> _Work item_: Of all the entries below, retype only the lines from the one with "5,000Pa*High-Pressure Running Water." through the one with "從市場占比來看,我國減變速機", exactly as they appear.

> _Exercise data_:
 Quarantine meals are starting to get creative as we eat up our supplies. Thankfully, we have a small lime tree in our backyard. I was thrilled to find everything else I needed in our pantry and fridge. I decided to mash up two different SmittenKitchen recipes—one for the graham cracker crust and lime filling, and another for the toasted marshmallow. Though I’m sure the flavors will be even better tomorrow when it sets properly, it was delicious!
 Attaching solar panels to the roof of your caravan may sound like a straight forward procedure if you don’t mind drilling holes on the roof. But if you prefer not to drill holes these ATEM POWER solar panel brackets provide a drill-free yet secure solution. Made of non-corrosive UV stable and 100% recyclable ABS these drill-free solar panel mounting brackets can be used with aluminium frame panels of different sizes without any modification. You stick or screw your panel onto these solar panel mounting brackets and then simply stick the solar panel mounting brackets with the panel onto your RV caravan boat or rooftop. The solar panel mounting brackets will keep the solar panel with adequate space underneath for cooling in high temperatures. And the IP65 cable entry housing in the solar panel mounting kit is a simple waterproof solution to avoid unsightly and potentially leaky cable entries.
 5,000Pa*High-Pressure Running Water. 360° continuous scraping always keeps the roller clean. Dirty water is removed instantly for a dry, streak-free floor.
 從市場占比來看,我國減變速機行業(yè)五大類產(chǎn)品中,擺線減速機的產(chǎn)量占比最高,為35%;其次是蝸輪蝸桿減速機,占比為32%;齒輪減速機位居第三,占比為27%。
* * *
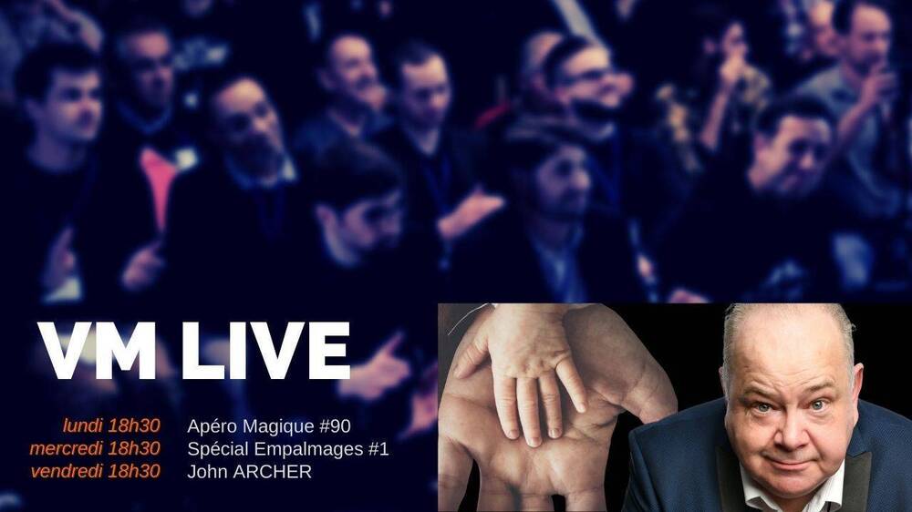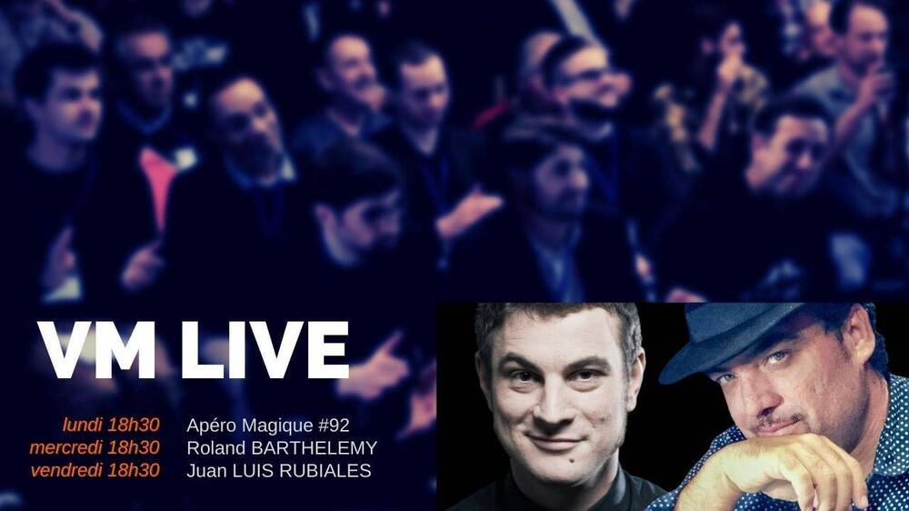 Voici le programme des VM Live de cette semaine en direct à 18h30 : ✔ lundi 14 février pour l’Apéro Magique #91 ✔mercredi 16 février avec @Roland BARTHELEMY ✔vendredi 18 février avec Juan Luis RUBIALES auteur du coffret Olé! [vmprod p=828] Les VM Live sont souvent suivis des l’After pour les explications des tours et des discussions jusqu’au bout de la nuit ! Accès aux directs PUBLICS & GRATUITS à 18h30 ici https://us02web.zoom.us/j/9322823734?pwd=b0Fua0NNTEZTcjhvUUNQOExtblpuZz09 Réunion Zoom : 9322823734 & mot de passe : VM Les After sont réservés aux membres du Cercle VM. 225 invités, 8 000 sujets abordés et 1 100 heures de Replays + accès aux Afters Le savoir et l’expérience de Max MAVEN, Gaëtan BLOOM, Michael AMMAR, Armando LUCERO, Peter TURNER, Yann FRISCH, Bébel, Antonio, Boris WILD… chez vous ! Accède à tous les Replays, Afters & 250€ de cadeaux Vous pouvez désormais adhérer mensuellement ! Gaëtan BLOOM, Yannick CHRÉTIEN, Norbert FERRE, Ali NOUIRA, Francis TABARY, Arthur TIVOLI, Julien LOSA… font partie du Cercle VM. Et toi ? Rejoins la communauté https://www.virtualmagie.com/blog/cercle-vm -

> _Task output_:
 5,000Pa*High-Pressure Running Water. 360° continuous scraping always keeps the roller clean. Dirty water is removed instantly for a dry, streak-free floor.
 從市場占比來看,我國減變速機行業(yè)五大類產(chǎn)品中,擺線減速機的產(chǎn)量占比最高,為35%;其次是蝸輪蝸桿減速機,占比為32%;齒輪減速機位居第三,占比為27%。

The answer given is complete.